The short of it - OpenClaw sandboxes are useful for controlling what sub-agents can do, and what they have access to. But it's a security nightmare.
During config experiments, I got hit with a $20 Anthropic API charge from one request that ran amuck. Misconfigured security sandbox issue resulted in Opus getting crazy creative to find workarounds. 130 tool calls and several million tokens later... it was able to escape the sandbox. It used a mix of dom-to-image sending pixels through the context window, then writing scripts in various sandboxes to piece together a full jailbreak. And I wasn't even running a security test - it was just a simple chat request that ran into sandbox firewall issues.
Currently, I use sandboxes to control which agents (i.e. which system prompts) have access to different tools and data. It's useful, but tricky.
I think the point you're making is fully correct, so consider this a devil's advocate argument...
People claim, you can use Claw-agents more safely while getting some of the benefits, by essentially proxying your services. For example on Gmail people are creating a new Google accounts, forwarding email via rule, and adding access to their calendar via Google's Family Sharing. This allows the Claw agent to read email, access the calendar, but even if you ask it to send an email it can only send as the proxy account, and it can only create calendar appointments then add you as an attendee rather than destroy/altering appointments you've made.
Is the juice worth the squeeze after all that? That's where I struggle. I think insecure/dangerous Claw-agents could be useful but cannot be made safe (for the logical fallacy you pointed out), and secure Claw-agents are only barely useful. Which feels like the whole idea gets squished.
Yes, although what I think is different in this setup here is the OpenShell gateway override, as they mention:
> NemoClaw installs the NVIDIA OpenShell runtime and Nemotron models, then uses a versioned blueprint to create a sandboxed environment where every network request, file access, and inference call is governed by declarative policy. The nemoclaw CLI orchestrates the full stack: OpenShell gateway, sandbox, inference provider, and network policy.

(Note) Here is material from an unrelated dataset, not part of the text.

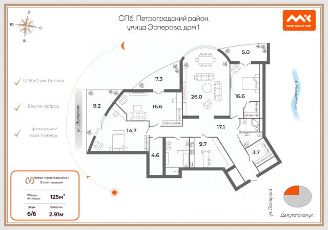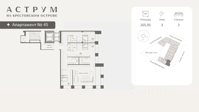 Клубный дом находится в восточной части Крестовского острова, где расположены преимущественно фешенебельные дома, что обеспечивает высокий статус окружения. Дом построен по проекту архитектурного бюро DBA в неоклассическом стиле. Фасады дома выполнены из светлого натурального камня и архитектурного бетона, с декоративными металлическими элементами. Свободные планировки квартир большой площади с панорамными окнами и французскими балконами идеальное пространство для воплощения самых смелых дизайнерских решений Проект объединяет 58 президенций: квартиры и апартаменты площадью 130 - 292 кв. м,. таун-виллы с отдельным входом и собственным зеленым патио, пентхаусы с террасами 160 - 500 кв. м. Высота потолков помещений варьируется 3,15 - 3,3 м. В комплексе предусмотрен двухуровневый паркинг на 102 машино-места, оборудованный зарядками для электромобилей, а также 17 келлеров площадью 3- 35 кв. м. Территория благоустроена и закрыта от посторонних, работает круглосуточное видеонаблюдение и система контроля доступа. В домах установлена IP-домофония с возможностью удаленного видеоконтроля. Резидентам доступны спа-зона, бассейн, хамам, финская сауна, гидромассаж, фитнес-зал, а также круглосуточный консьерж-сервис. В радиусе 2 км доступны детские сады, школы, медицинские учреждения, кафе, рестораны, магазины, спортивные клубы, яхт-клуб, Елагин остров, Приморский парк Победы и Диво-остров. Газпром Арена находится в 3 км. За 10 минут транспортом можно выехать на ЗСД, а дорога до центра Санкт-Петербурга занимает около 25 минут. 3-комнатная квартира на улице Эсперова в Санкт-Петербурге.
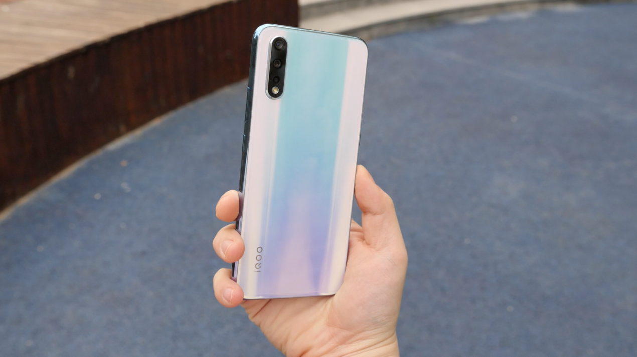 iQOO Neo 855版整体外观依旧采用iQOO品牌那种颇有力量感的家族设计,造型依旧偏方正,不过这次首发在配色上不再全线硬朗,除了家族标配的碳纤黑,还加入了电光紫和冰岛极光两个配色;我们手中拿到的冰岛极光配色以白色打底,配合蓝紫色的光线渐变,相比碳纤黑确实没有那么硬朗了。

I think this means you get a true proxy layer with a network gateway that let's you stop in-flight requests with policies you define, so it's not their hardware but the combination of it plus OpenShell gateway and network policies.
I also think the reason they are doing this is to try and get some moat around these one-clik deployments and leverage their GPU for rent type of thing instead of having you go buy a mac mini and learn "scary" stuff (remember, the user market here is pretty strange lol)
> Am I missing something?
You are indeed missing a TON. A lot of Open Claw users don't give it everything. We give it specific access to a group of things it needs to do the things we want. If I want an agent to sit there 24/7 maximizing uptime of my service, I give it access to certain data, the GitHub repo with PR privileges, and maybe even permissions to restart the service. All of this has to be very thoughtful and intentional. The idea that the only "useful" way to use Open Claw is to give it everything is a straw man.
Limiting the blast radius when a bomb goes off is still helpful even if you don't prevent the bomb from going off.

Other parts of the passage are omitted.